Thanks, nope I was shooting handheld, if you have done much +1x macro then the lens isn't much more difficult to use than anything else. It just takes practice, a steady hand and a few techniques such as the left hand brace and holding breath. I think this lens would be a nightmare to use on a tripod even with macro rails as even handheld it is sometimes very difficult to locate your subject. Here's my setup: Mp-e/mt-24ex diffusion setup by [[BIOSPHERE]], on Flickr

Are you focus stacking or just using a small aperture? For the magnification, you seem to be getting pretty deep DOF.
 
well.. you magnify it even more with crop sensor.
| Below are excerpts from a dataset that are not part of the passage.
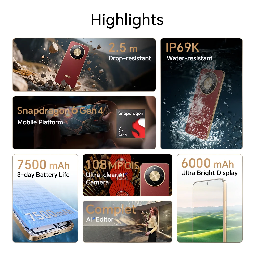 Novo HONOR Magic8 Lite Versão EU 5G Smartphone Android 2026 com AMOLED, Snapdragon 6 Gen 4, 7500mAh e Câmera AI de 108MP com OIS - TopDealBox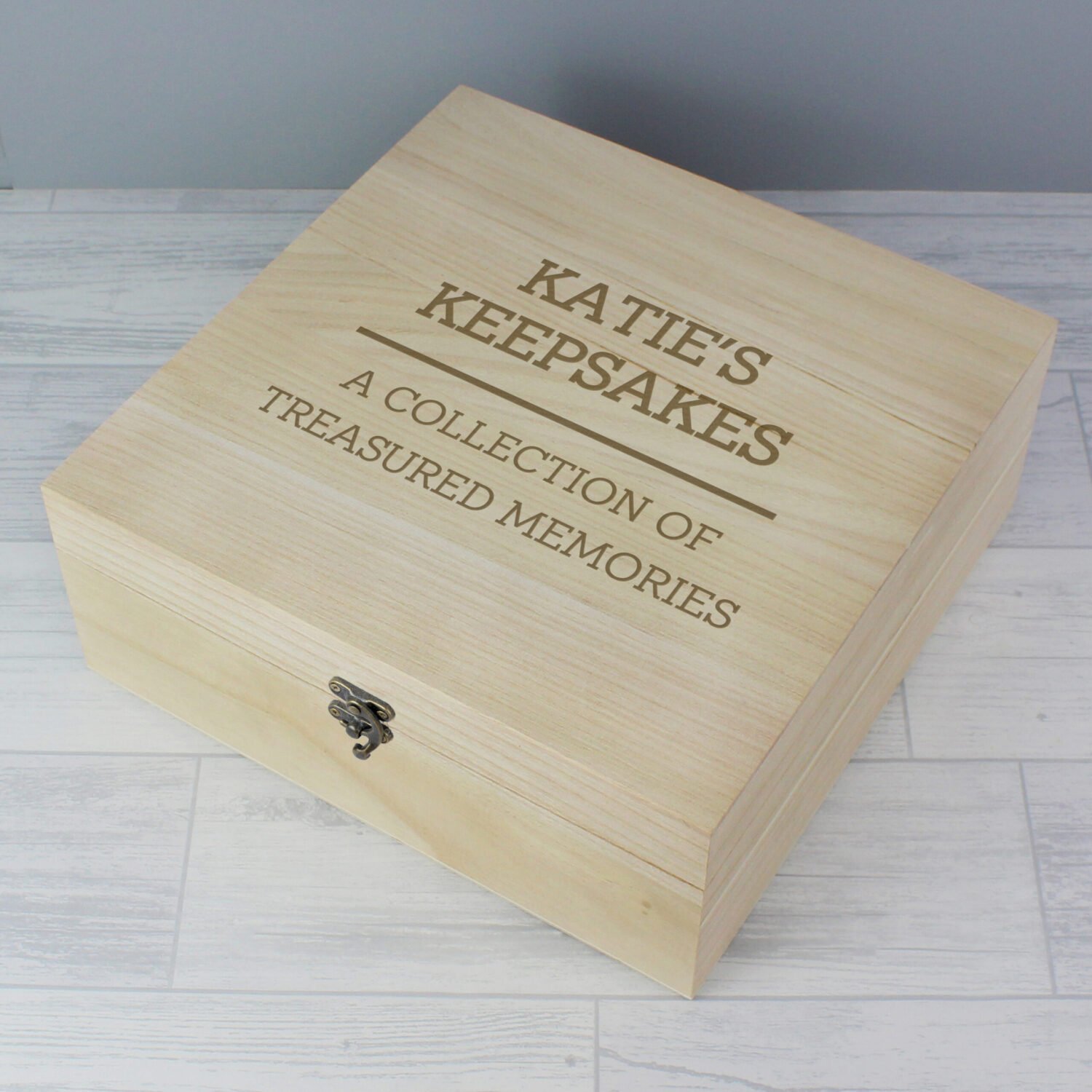 Treasure life’s most meaningful moments with our Personalised Any Message Large Wooden Keepsake Box. Thoughtfully designed and fully customisable, this beautiful box is ideal for storing precious memories, trinkets, and mementoes from life’s special occasions.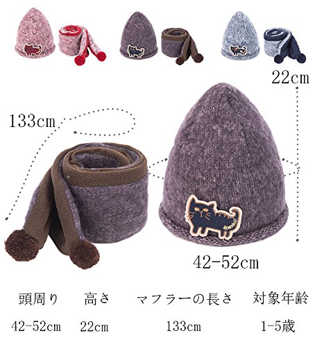 - サイズ(伸縮性あり):頭周り42-52cm 帽子の高さ:22cm マフラーの長さ:133cm 1-5歳の幼児におすすめ。被り心地が良くて誰でも似合う。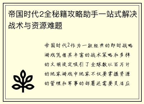 帝国时代2全秘籍攻略助手一站式解决战术与资源难题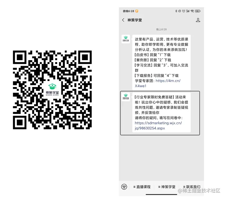 如下图,近期小 S 做了一个专家免费答疑的活动,她做了一个服务号的带参二维码,微信扫码关注后,会自动弹出引导回复(下以神策学堂为例,可以试试哦):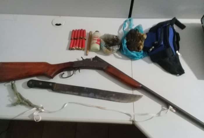 Na madrugada deste domingo, 13, a equipe policial militar foi acionada com a informação da localização de um suspeito de 29 anos com uma arma de fogo em mãos no Povoado Castanheira. No local, a equipe em serviço deparou com o referido indivíduo portando uma espingarda cartucheira calibre 28, contendo um cartucho intacto, 5 cartuchos de calibre 32 recarregados artesanalmente, um facão e uma bolsa contendo um frasco com pólvora e buchas para recarregar manualmente.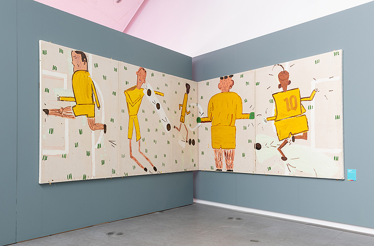 Varios artistas ponen en foco el carácter de las grandes estrellas del juego: Eric Cantona aparece como un diablo rojo en Le Rouge Devil, de David Hughes: una referencia a la personalidad controvertida del francés – y al apodo de su ex club, Manchester United. En un formato mucho más grande, Rose Wylie examina las rasgos deportivos de “estos dioses del fútbol que siempre salían en los periódicos” como Crouch, Ronaldhino, Rooney o Henri en su obra Yellow Strip, realizado en óleo y tiza sobre tela.

No. Magnification is a property of the optics, not the system (which includes the sensor). FOV is different between the two, even at high magnification, but the actual magnification remains the same. Let's say you took a photo of something that is 23.6mm wide. At 1:1 magnification, on a DX sensor it will fill the entire width of the frame since that is the width of the sensor. On a FX sensor, however, that same subject AT 1:1 would only fill ~2/3 the width of the frame. This is because the FOV is different, NOT the magnification. To fill the frame of an FX sensor with the same subject, you would need a magnification of ~1.5:1
 
Mjhoward: No stacking, I'm pretty sure most of these were taken at f11. I try to find "magic angles" to maximise the depth of field, see here: No Cropping Zone: Magic Angles
 
Mjhoward: No stacking, I'm pretty sure most of these were taken at f11. I try to find "magic angles" to maximise the depth of field, see here: No Cropping Zone: Magic Angles
So, you're using a tilt/shift?

I think the idea is the same Scheimpflug, only that instead of the lens plane being adjusted to meet the subject, the subject plane relative to the lens plane is being adjusted. While the idea of "Magic Angles" seems valid, it's not terribly sophisticated. It's more just skewing the DOF over the area of the subject area.

It's important to note that the amount of DOF does not change, but rather how the subject falls into that area. So if you imagine acceptable sharpness as a cube, you could fit the subject into that cube a number of ways. If you put the subject in at a diagonal, you'll get more of teh subject in sharp focus than if you fit the subject in perpendicular to it's face.

It's an interesting approach, and until I can get T/S bellows worked out It's something I'm deff going to investigate.